One of my conference highlights was Play at Work: Applying Agile Methods to Museum Web Site Development by Dana Mitroff Silvers from the San Francisco Museum of Modern Art and Alon Salant from their developers Carbon Five. It was all about Agile Development methods. It was a hands on interactive session where we played games and activities, including stand up meetings, story writing, and story mapping. Holding meetings standing up sounds like a bit of a cliché, but the talk showed how these activities can be successfully adapted to apply to museum development, and how it had worked for SFMOMA.

After that I headed over to Tales of the Unexpected: A Pragmatic and Candid View of Life Post-Launch - three museums including Cogapp client MoMA talking about life after redesign. A personal highlight was Allegra from MoMA showing a slide from the usability report we did for them last year and showing how our user testing has shaped what they’re doing. All three organisations talked about their post-launch findings such as having a CMS doesn’t mean less work, and how important digital strategies and post launch budgets are. This matches the advice we give our clients, and it was great to hear it from the organisation's point of view.

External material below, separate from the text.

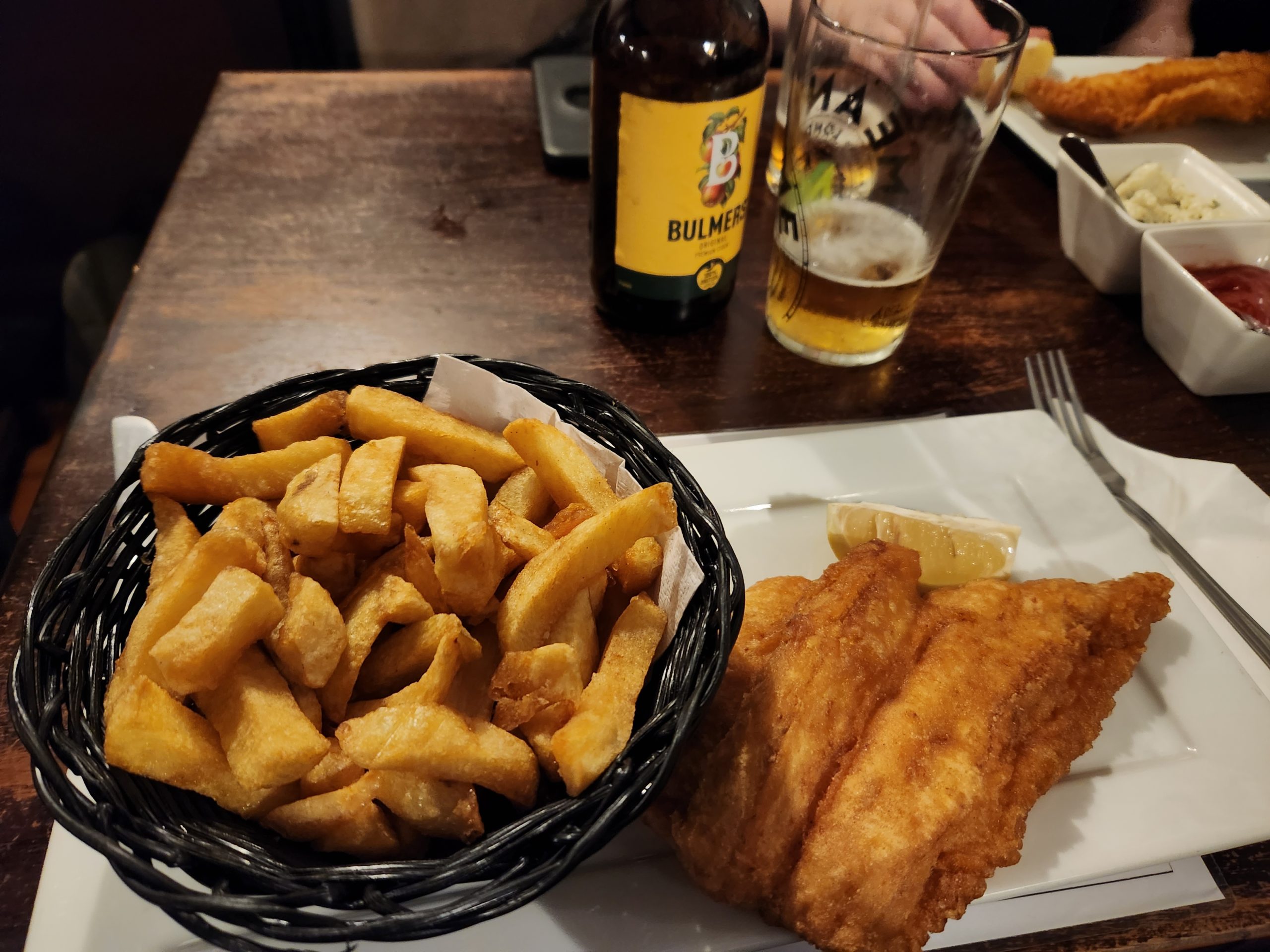 Later, after finishing up with the gym and the washing we went to the nearby pub for some beer. In between beers, we went to a fish and chips restaurant nearby to try some English fish and chips. It was expensive, costing 16 pounds for just one piece of fish with chips – and my fish had lots of bones still in it. It was quite a different experience from the fish and chips that we have in Australia. After the fish and chips, we went back to the pub for a few more beers.

Fast, Open, and Transparent: Developing the Smithsonian’s Web and New Media Strategy was all about the Smithsonian and how they had developed their digital strategy. Michael Edson led the talk and spoke about how they developed their strategy through a series of workshops, conferences, YouTube, Twitter and a wiki. He had loads of awesome quotes, one of my favourites being “Think big, start small, change fast.” which is completely relevant to a lot of projects we’re working on right now. Seriously good.

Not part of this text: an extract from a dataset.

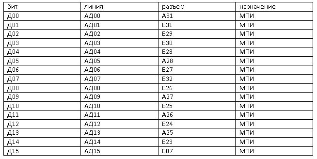 При записи числа "000001" в регистр 177670 линия внешней МПИ АДО устанавливается в 0в. состояние. а линии АД01 - АД15 в состояние +5в.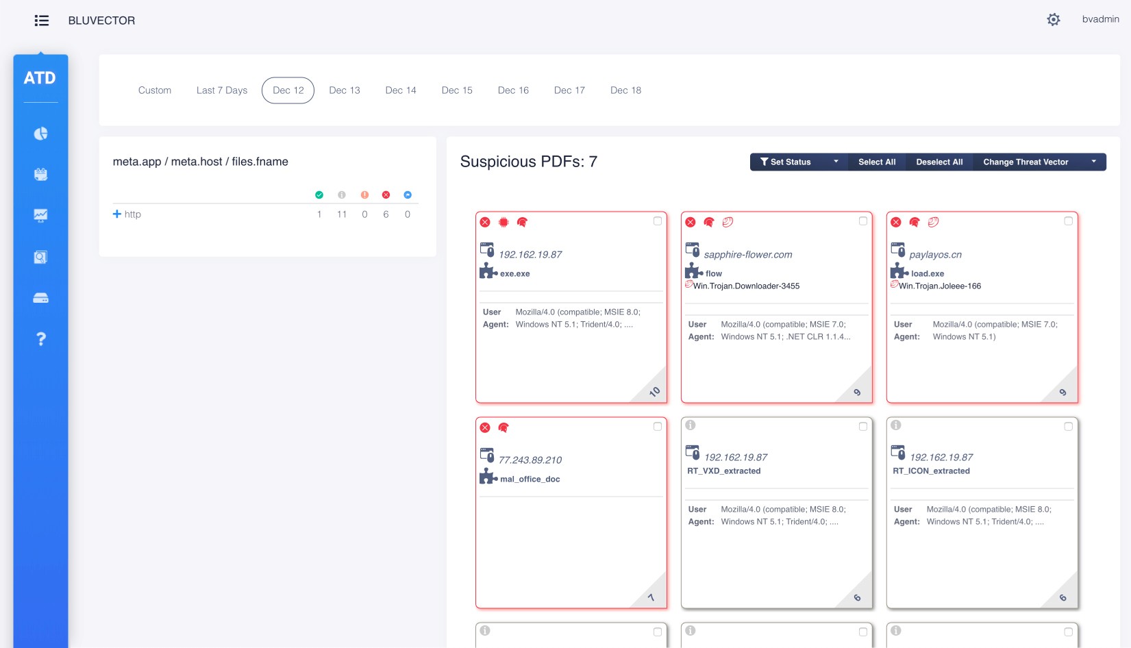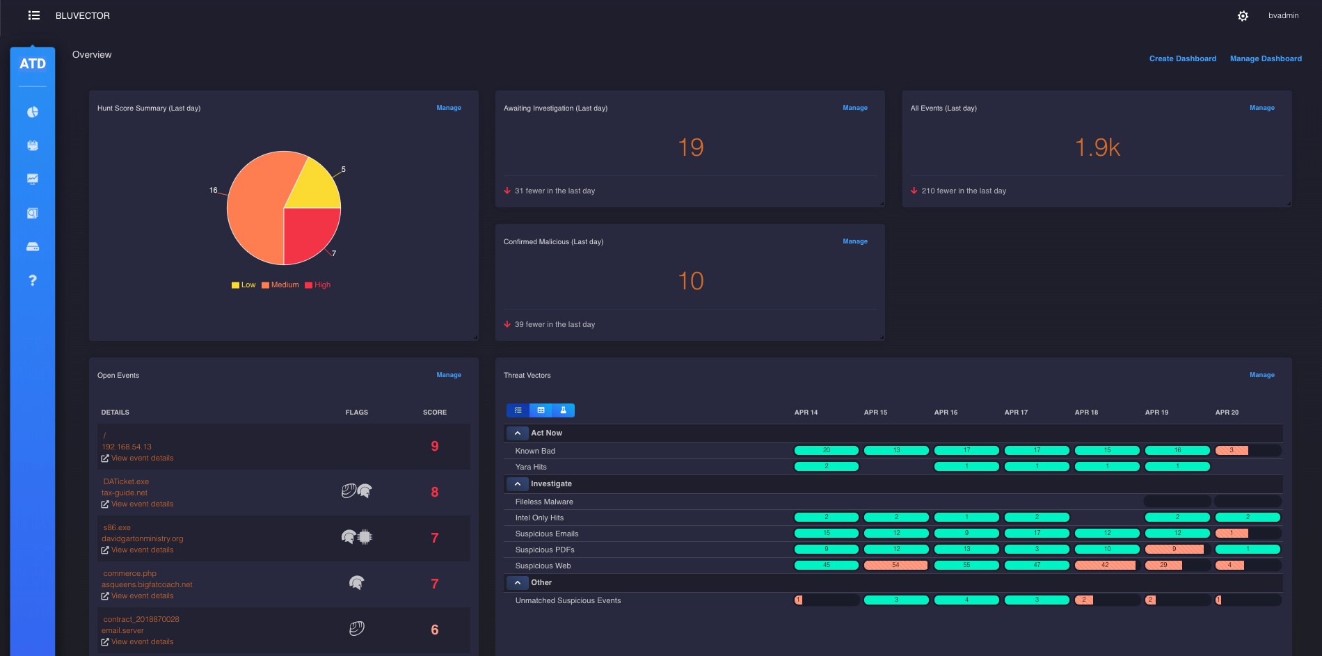 We also aligned the interface to the company rebrand, moving from BluVector Cortex to BluVector ATD (Advanced Threat Detection) so the product name and imagery is unmistakable in screenshots, docs, and demos.

I also got a chance to meet up with Paul Rowe from Vernon systems who we’re working with on the Waddesdon Manor project. Those guys are currently working on E-hive - the future of collections management, which is an online system that automatically publishes to the web. In the future they are planning a combined content and collections management system (a CCCMS I guess!), which will be really interesting for Cogapp and the museums world to keep an eye on.

As well as the Museums and Web conference we also got a chance to look around Denver visiting the Denver Art Museum, the Denver Museum of Science and Nature, a Henry Moore exhibition, City O’ City - a veggie restaurant, and the Wynkoop brewery (twice) alongside working our way through this about three times each.